Task requirements: Here is the task for the records below: repeat exactly the lines from the one with "We were only" to the one with "A serene moment", both included, and nothing else.

Material for the task:
▼▼▼

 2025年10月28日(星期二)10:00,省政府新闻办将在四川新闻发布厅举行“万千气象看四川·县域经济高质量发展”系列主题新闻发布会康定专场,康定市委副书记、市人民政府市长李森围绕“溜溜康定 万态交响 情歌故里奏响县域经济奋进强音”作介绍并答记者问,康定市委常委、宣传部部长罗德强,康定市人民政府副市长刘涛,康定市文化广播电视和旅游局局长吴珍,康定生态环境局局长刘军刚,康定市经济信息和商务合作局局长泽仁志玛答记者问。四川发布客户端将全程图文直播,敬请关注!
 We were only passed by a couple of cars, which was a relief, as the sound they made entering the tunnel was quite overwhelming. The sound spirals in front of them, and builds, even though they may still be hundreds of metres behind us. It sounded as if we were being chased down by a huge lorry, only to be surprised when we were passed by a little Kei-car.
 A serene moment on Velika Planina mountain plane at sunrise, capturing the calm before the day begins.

▲▲▲
▼▼▼

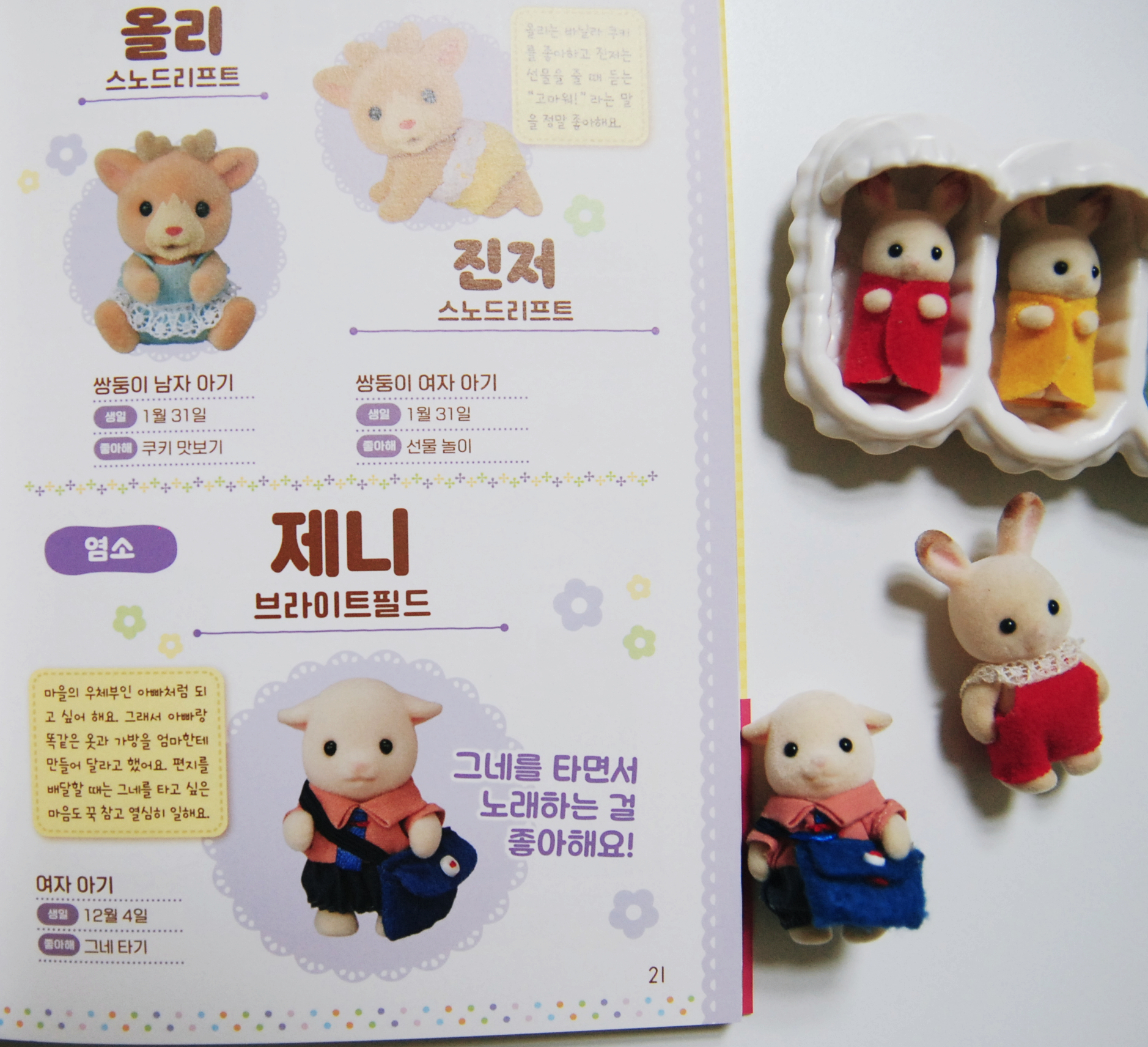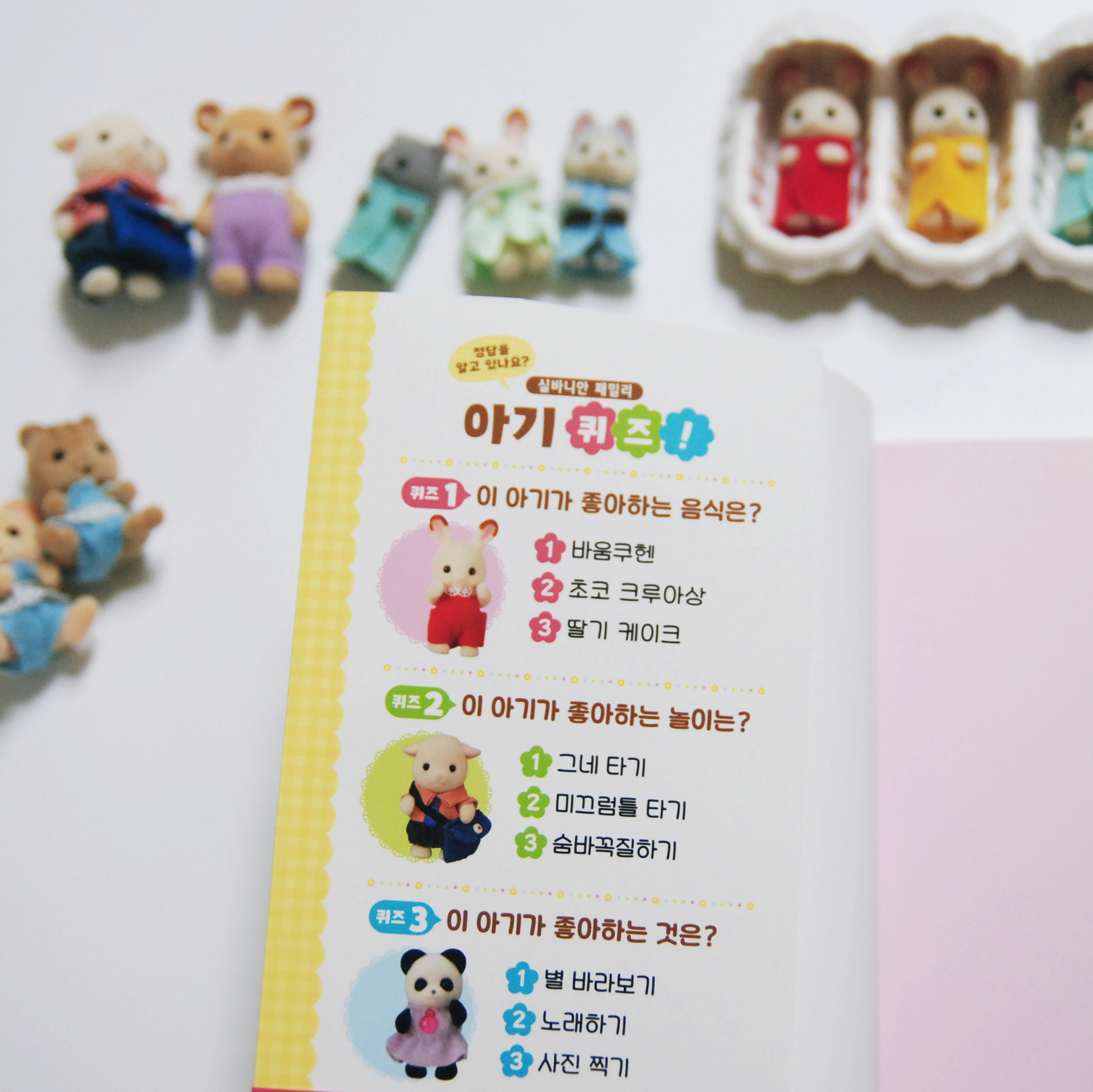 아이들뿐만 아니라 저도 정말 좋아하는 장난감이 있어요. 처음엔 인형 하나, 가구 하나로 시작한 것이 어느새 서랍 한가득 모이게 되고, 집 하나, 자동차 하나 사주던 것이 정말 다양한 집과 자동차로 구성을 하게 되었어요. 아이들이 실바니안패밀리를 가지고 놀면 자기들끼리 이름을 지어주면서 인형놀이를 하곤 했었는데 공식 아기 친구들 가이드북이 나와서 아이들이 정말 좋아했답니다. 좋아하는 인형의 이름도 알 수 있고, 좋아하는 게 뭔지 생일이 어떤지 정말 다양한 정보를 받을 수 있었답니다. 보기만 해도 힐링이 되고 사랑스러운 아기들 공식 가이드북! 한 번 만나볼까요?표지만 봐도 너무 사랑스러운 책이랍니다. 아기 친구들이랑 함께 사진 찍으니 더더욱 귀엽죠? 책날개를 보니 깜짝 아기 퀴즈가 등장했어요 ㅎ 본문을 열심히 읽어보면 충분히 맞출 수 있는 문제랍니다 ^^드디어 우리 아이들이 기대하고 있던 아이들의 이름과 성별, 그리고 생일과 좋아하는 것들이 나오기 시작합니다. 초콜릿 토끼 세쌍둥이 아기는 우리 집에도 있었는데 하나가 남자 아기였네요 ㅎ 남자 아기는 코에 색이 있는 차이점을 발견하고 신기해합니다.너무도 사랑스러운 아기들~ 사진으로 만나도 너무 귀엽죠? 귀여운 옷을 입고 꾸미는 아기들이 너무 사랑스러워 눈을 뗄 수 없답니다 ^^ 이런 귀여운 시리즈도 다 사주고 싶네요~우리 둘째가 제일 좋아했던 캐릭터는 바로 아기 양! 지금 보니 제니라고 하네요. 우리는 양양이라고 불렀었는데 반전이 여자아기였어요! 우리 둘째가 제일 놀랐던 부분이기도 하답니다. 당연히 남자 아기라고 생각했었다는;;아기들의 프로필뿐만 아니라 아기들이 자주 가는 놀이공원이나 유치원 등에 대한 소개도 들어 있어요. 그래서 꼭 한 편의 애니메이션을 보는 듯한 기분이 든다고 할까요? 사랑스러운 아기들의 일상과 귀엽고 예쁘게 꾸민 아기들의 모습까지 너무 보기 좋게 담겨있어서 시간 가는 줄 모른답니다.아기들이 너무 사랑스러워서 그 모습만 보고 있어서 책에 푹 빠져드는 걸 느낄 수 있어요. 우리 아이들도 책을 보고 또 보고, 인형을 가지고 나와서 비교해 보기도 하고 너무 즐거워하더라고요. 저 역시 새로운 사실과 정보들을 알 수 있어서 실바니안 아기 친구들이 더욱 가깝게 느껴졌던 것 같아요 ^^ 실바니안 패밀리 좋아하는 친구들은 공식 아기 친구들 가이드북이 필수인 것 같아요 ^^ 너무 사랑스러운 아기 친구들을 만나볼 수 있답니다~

▲▲▲

Written response:
 We were only passed by a couple of cars, which was a relief, as the sound they made entering the tunnel was quite overwhelming. The sound spirals in front of them, and builds, even though they may still be hundreds of metres behind us. It sounded as if we were being chased down by a huge lorry, only to be surprised when we were passed by a little Kei-car.
 A serene moment on Velika Planina mountain plane at sunrise, capturing the calm before the day begins.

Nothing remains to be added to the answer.